Polar Vortex Got You Down? There Are Some Good Signs For Travel and Tourism

February 8, 2021 Jim Byers

It’s the dead of winter for most Canadians. It’s cold. We spend far too much time chipping ice and snow off our windshields and buttoning up our kids’ jackets and snowpants just as they realize they have to go to the bathroom.

We can’t do anything about the calendar or the polar vortex, and we have no secret stash of vaccines in our back pockets, but there ARE some signs of hope in the travel and tourism industry.

A new survey from IHG Hotels & Resorts reveals how much people are longing for human connection, to be with their loved ones, and to make new memories.

Close to 60 percent of survey respondents said they canceled up to four trips (leisure and business) last year. More than half the travellers surveyed said they have now rebooked canceled trips or plan to rebook them, with family vacations and visiting loved ones topping travel wish lists for 2021. And while the pandemic isn’t over, the roll-out of vaccines is igniting hope and optimism, as respondents across all age groups, 18 to 55+, say spending time with family and friends is a primary motivator for travel this year.


  • One in five respondents said they plan to make up for the lack of travel in 2020 by going on more trips in 2021.
  • One in five people overall said they hope to travel to a place on their bucket list in 2021, with that being true for one in three travellers aged 18 to 24.
  • One in three surveyed said going to restaurants and trying new foods has the most positive impact on their vacations.
  • Over a third of all those surveyed, including 50 percent of those 55 and older, said they plan to hold off travelling until the COVID-19 vaccine is more widely available. Which isn’t so great. But we’re focusing on the positive here, so pretend you didn’t see that.

Those findings are consistent with survey after survey I’ve seen in the past few months. Older travellers, who often have the most money to spend, are going to be quite cautious about dipping their toes into the travel water. But younger folks are straining at the proverbial leash and will be the first ones to travel, especially internationally.

That probably bodes well for big cities and popular youth destinations such as eastern Europe and southeast Asia, where our North American dollars tend to go the farthest. If I run trips for millennials in Thailand, I might be pretty hopeful for a decent year. If I operate cruises for older folks in France, I’m not sure I’d put in an order for a new BMW just yet.

THAILAND. Pexels photo by Pixabay.

“It’s often said that travel is the only thing you buy that makes you richer, and our survey results prove that people are hungry for those rich experiences again,” said Claire Bennett, Chief Customer Officer, IHG Hotels & Resorts. “But the world has changed, and travel decisions must be made more thoughtfully.
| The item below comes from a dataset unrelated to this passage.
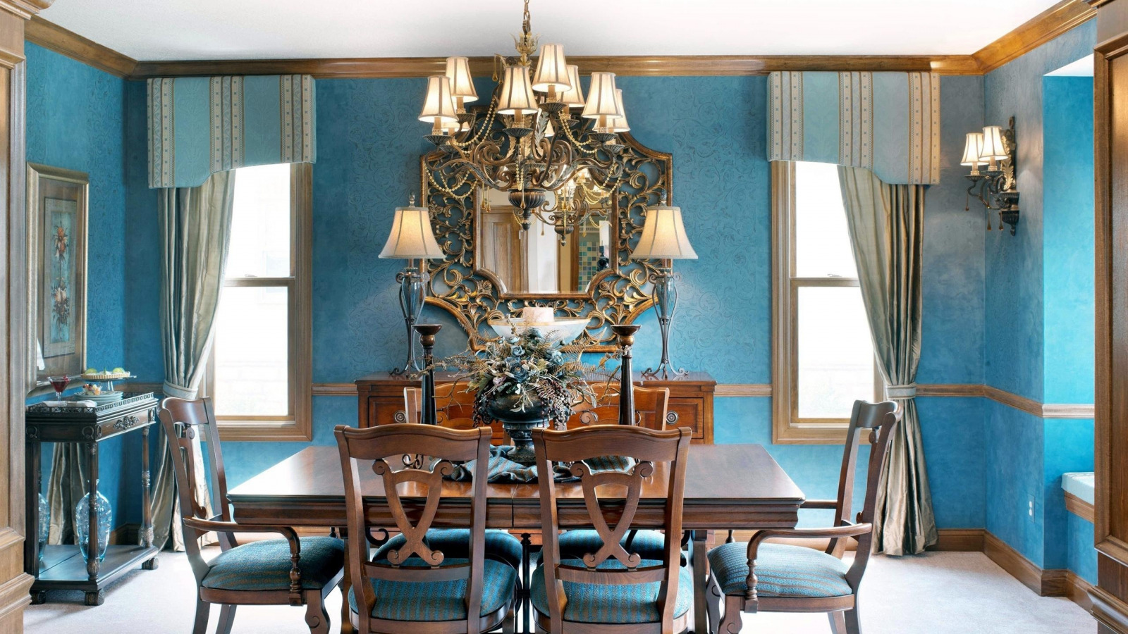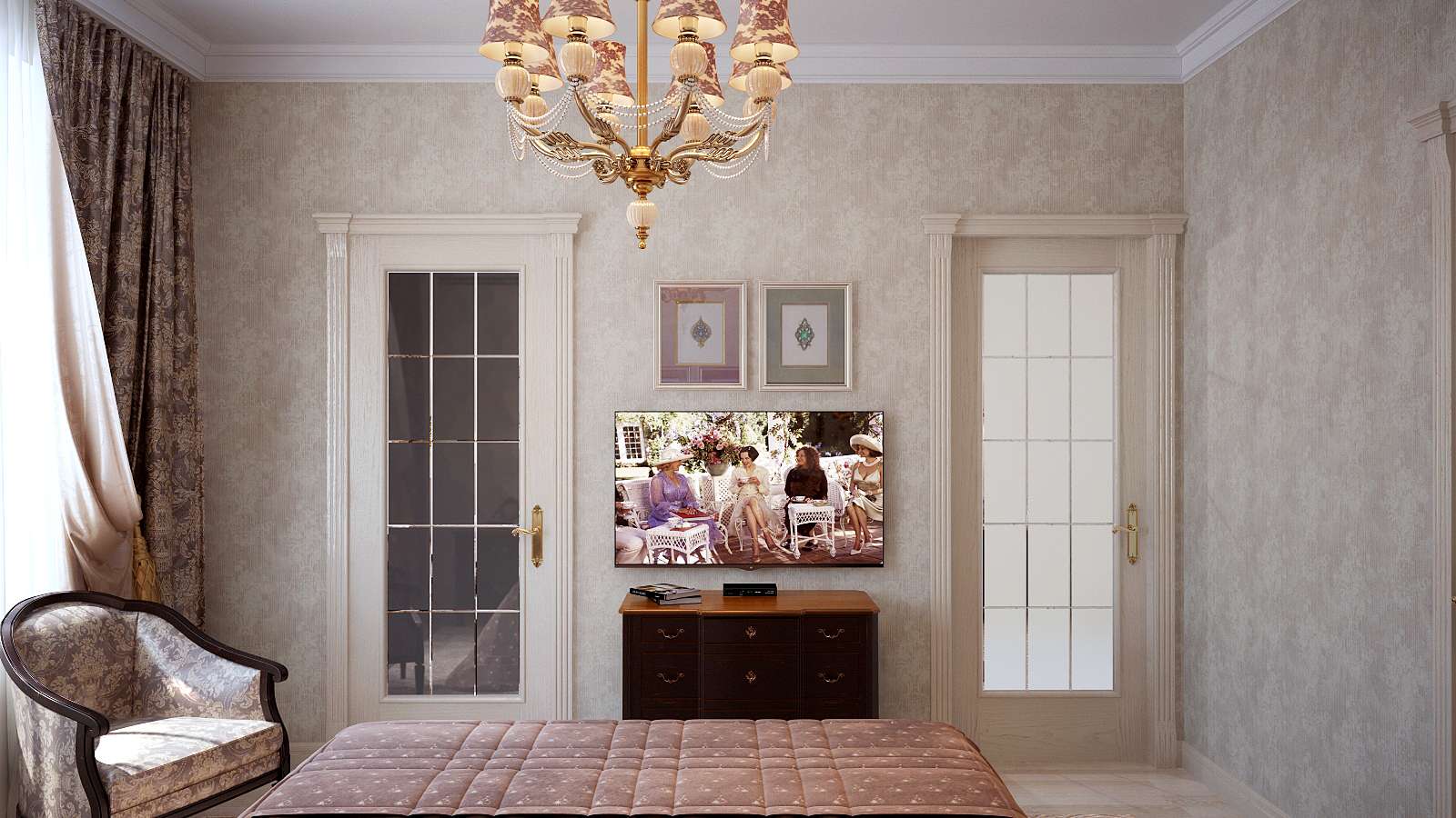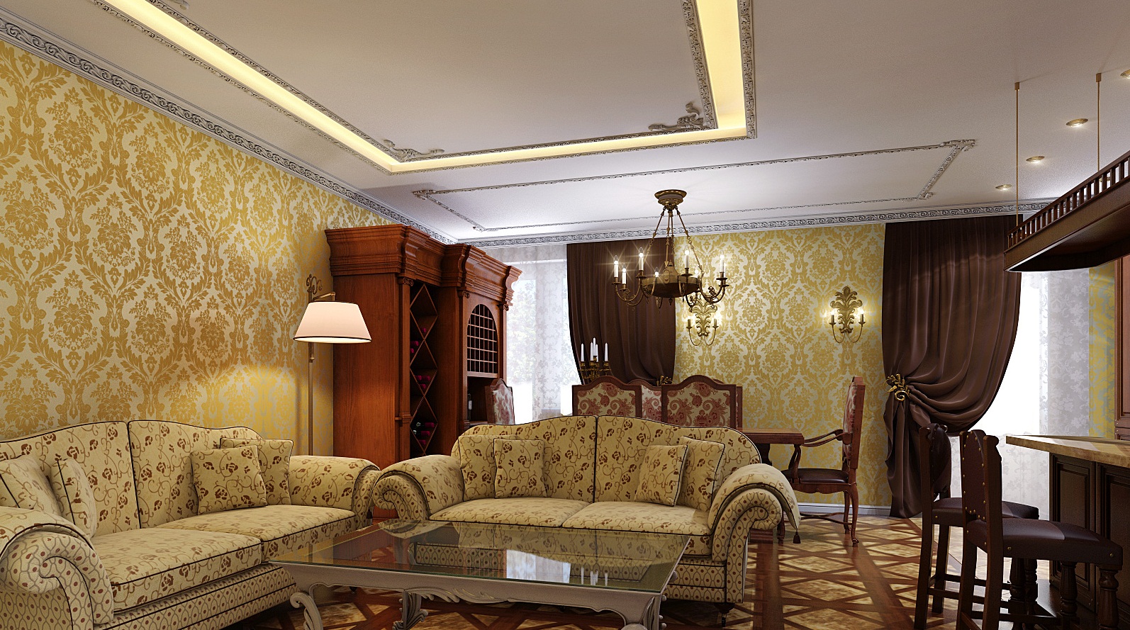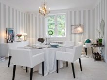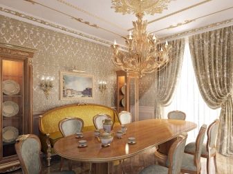 - Klassisch Ähnliche Details finden sich im klassischen Stil. Es zeichnet sich durch symmetrische Muster in verschiedenen Größen, exquisite vergoldete Details und die Verwendung kontrastierender Details aus.Zum Beispiel kann die helle Basis des Raumes mit Streifen, stilisiert als Naturholz oder einfache dunkle Einsätze ergänzt werden. Die Basis der Tapete wird zum Beispiel den veredelten Stuck oder das Formteil ergänzen. Solche exquisiten Akzente sind jedoch eher in großen Räumen angebracht, in denen Platz für zusätzliche Dekoration ist.

As we look ahead, we’ve all had a lot of time to think about what travel means to us, what trips are most important, and how we want to reconnect with loved ones.

“So, whether it’s that longed-for family beach vacation, a weekend getaway with friends, your first in-person business meeting, or a special anniversary trip – our family of 16 brands is ready to help open up the world when the time is right and welcome travellers back with confidence, as we embark on the next chapter of travel.”


  • One in three workers globally, and 40 percent in the U.S., stated the lack of business travel in 2020 demotivated them.
  • 40 percent of those who travel for business said they miss face-to-face meetings.
  • More than half of respondents said business travel allows them to “create meaningful relationships with colleagues, customers, and/or clients.”
  • Nearly 45 percent shared that business travel improves their working mood and makes them more motivated.


  • While on vacation, the majority of Americans said travelling with loved ones, creating new memories, and having quality time with others had the most positive impact on their mood, while most Australians said it was sightseeing (they DO live on an island) and for U.K. travellers, it was chasing sunshine (no explanation needed).
  • When it comes to what respondents traveling for work miss the most, one in three said it was “sleeping in a comfy hotel bed” and one in four said “room service.”
  • Cabin fever kills the romance; one in four of respondents age 45+ said they look forward to intimacy while on vacation.